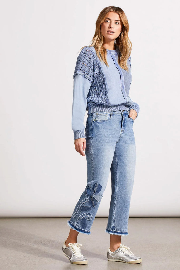 Tribal | Sophia Curvy Microflare Crop Jeans with Novelty Denim Appliqué
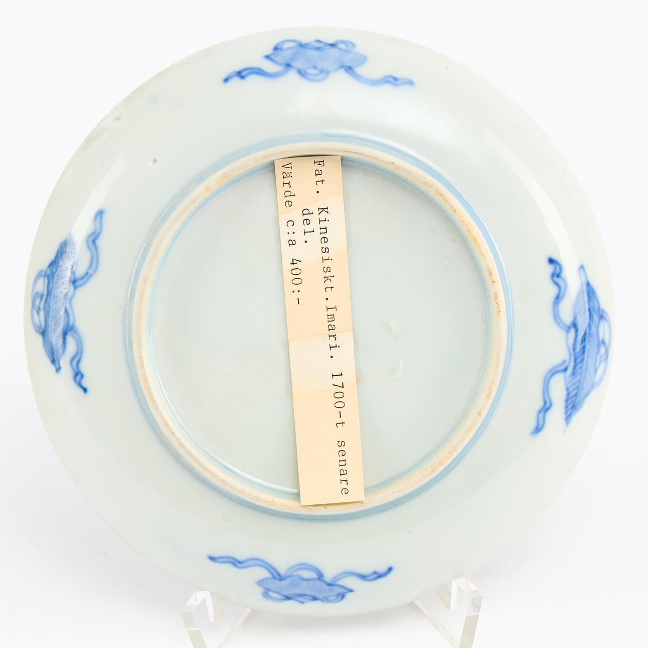 Decorated in underglaze blue, iron red and gold with bird and flowers, Ø 16 cm.
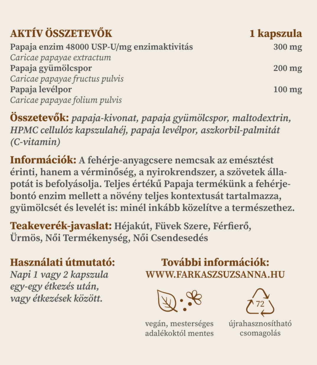 papaja-kivonat, papaja gyümölcspor, maltodextrin, HPMC cellulóz kapszulahéj, papaja levélpor, aszkorbil-palmitát (C-vitamin)
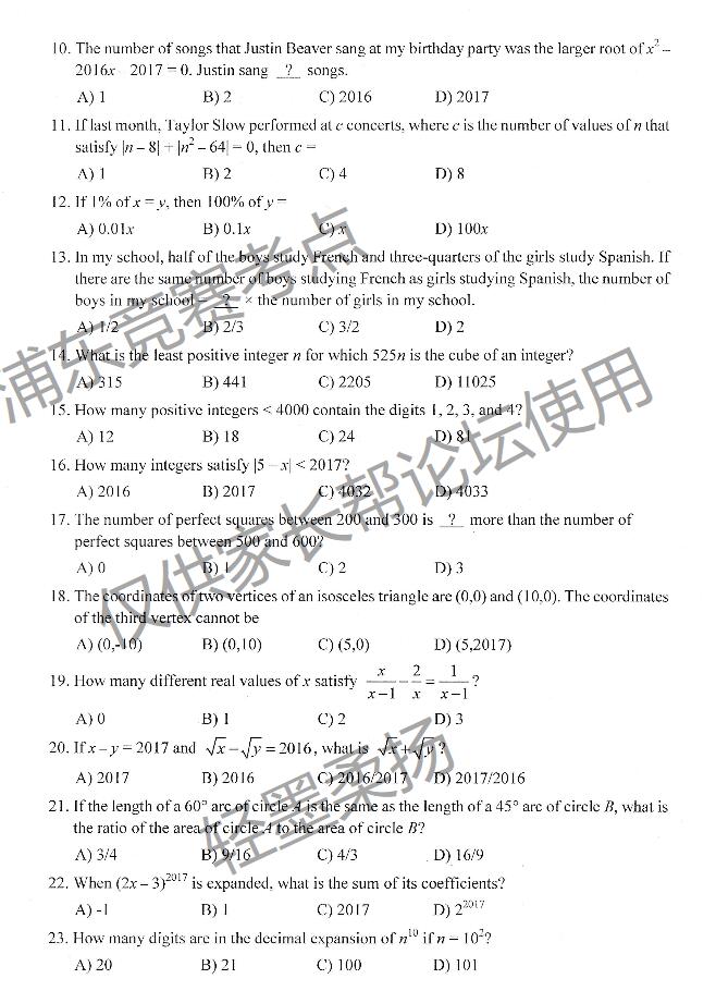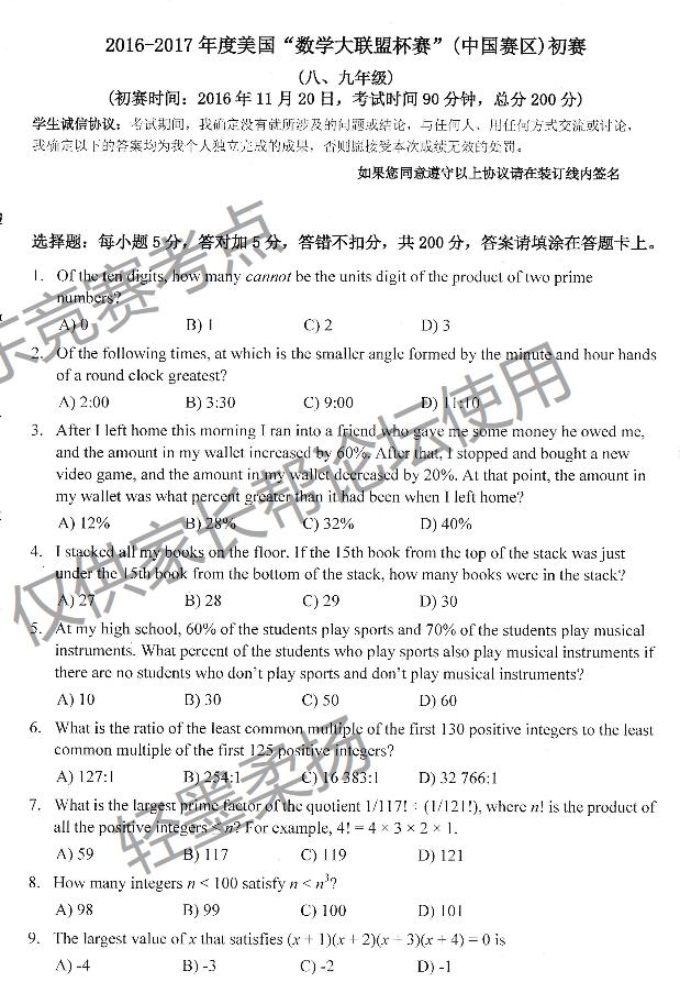 2016-2017年度美国数学大联盟中国上海赛区3-12年级初赛于11月20日结束了,下面是上海赛区数学大联盟八、九年级试卷,供参考。
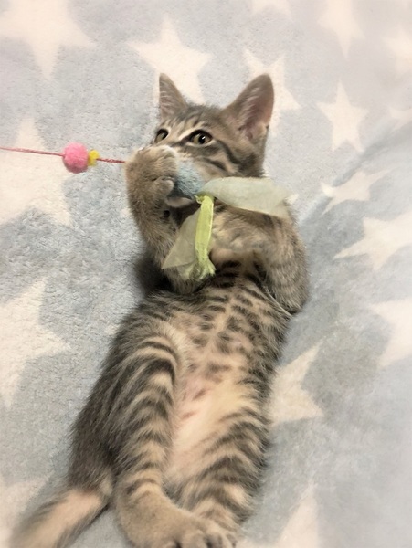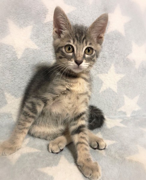 | 特徴(性格など) | 肌色がかったグレーしましまの男の子。 初の場所や初対面でも好奇心旺盛。全く怖がる事のない大らかさん。 のんびりした性格で、他の描とも仲良く過ごしています。 |
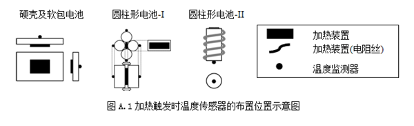A.3.3 将测试对象充电到SOC=100%后,再对测试对象用1C电流继续充电12 min。立刻启动加热装置,并以其最大功率对测试对象进行持续加热,当发生热失控或者A.3.2定义的监测点温度达到300 ℃时,停止触发,关闭加热装置。
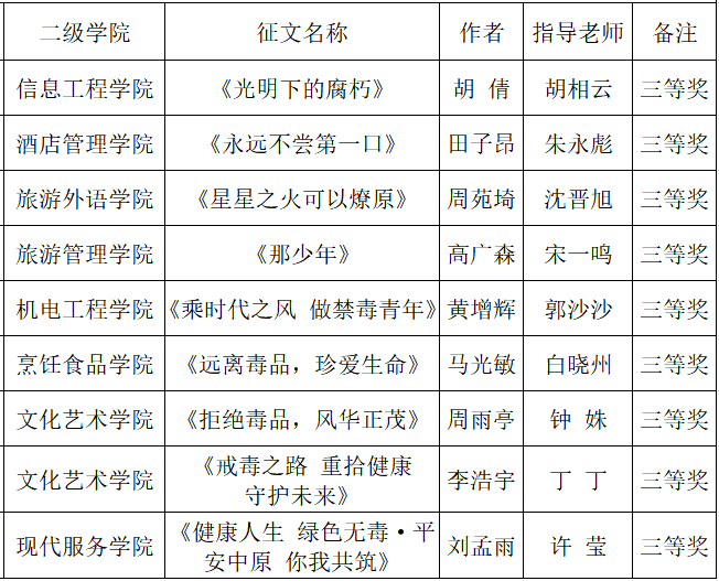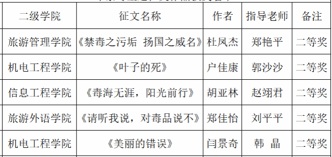 为进一步加大禁毒宣传力度,增强在校学生识毒防毒拒毒意识和能力,根据河南省教育厅、河南省禁毒委员会办公室《关于举办2023年全省大中小学生禁毒主题征文活动的通知》豫禁毒办通[2023]8号文件要求,学校在9月13号至10月10日组织开展了以“健康人生 绿色无毒·平安中原 你我共筑”为主题的征文活动。
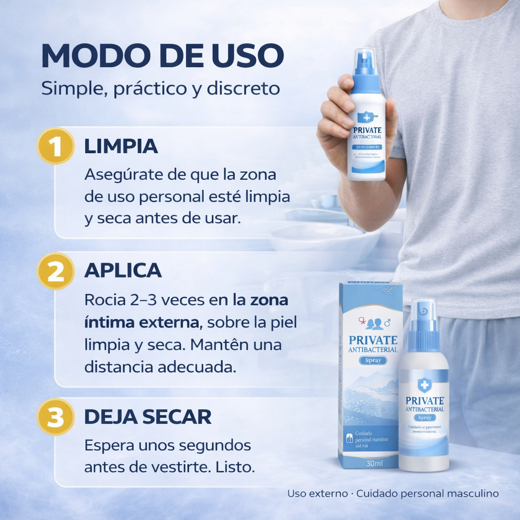 Spray de cuidado personal diseñado para hombres que buscan frescura, comodidad y confianza durante todo el día. Ideal para el uso diario, fácil de aplicar y pensado para acompañarte en cualquier momento, sin complicaciones.
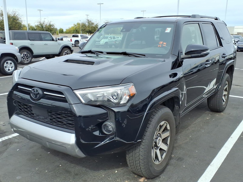 This vehicle is a 2023 Toyota 4Runner TRD Off-Road Premium, certified pre-owned and with 32,747 miles. It has a 4.0 liter V6 270hp 278 lb-ft engine with sequential multiport fuel injection, and a fuel economy of 16 mpg in the city and 19 mpg on the highway. It also has a crash test rating of 4 out of 5 stars, and features such as touch screen display, Bluetooth audio connection, blind spot sensor, hill start assist, part time four wheel drive, Apple Carplay ready, navigation system with voice recognition, and leather seats for added comfort. This car is sure to turn heads wherever it goes! Contact Details: Big Two Toyota, 1250 S. Gilbert Road, Chandler, AZ, 85286, sales@bigtwo.com, 4808986000.

◇ ◇ ◇ ◇ ◇ ◇ ◇

Task brief: Starting at the first line of the data, set down each line exactly until you have copied the line with "Spray de cuidado", but leave the pictures out.

Output of the task:
 Tribal | Sophia Curvy Microflare Crop Jeans with Novelty Denim Appliqué
 Decorated in underglaze blue, iron red and gold with bird and flowers, Ø 16 cm.
 papaja-kivonat, papaja gyümölcspor, maltodextrin, HPMC cellulóz kapszulahéj, papaja levélpor, aszkorbil-palmitát (C-vitamin)
 2016-2017年度美国数学大联盟中国上海赛区3-12年级初赛于11月20日结束了,下面是上海赛区数学大联盟八、九年级试卷,供参考。
 | 特徴(性格など) | 肌色がかったグレーしましまの男の子。 初の場所や初対面でも好奇心旺盛。全く怖がる事のない大らかさん。 のんびりした性格で、他の描とも仲良く過ごしています。 |
A.3.3 将测试对象充电到SOC=100%后,再对测试对象用1C电流继续充电12 min。立刻启动加热装置,并以其最大功率对测试对象进行持续加热,当发生热失控或者A.3.2定义的监测点温度达到300 ℃时,停止触发,关闭加热装置。
 为进一步加大禁毒宣传力度,增强在校学生识毒防毒拒毒意识和能力,根据河南省教育厅、河南省禁毒委员会办公室《关于举办2023年全省大中小学生禁毒主题征文活动的通知》豫禁毒办通[2023]8号文件要求,学校在9月13号至10月10日组织开展了以“健康人生 绿色无毒·平安中原 你我共筑”为主题的征文活动。
 Spray de cuidado personal diseñado para hombres que buscan frescura, comodidad y confianza durante todo el día. Ideal para el uso diario, fácil de aplicar y pensado para acompañarte en cualquier momento, sin complicaciones.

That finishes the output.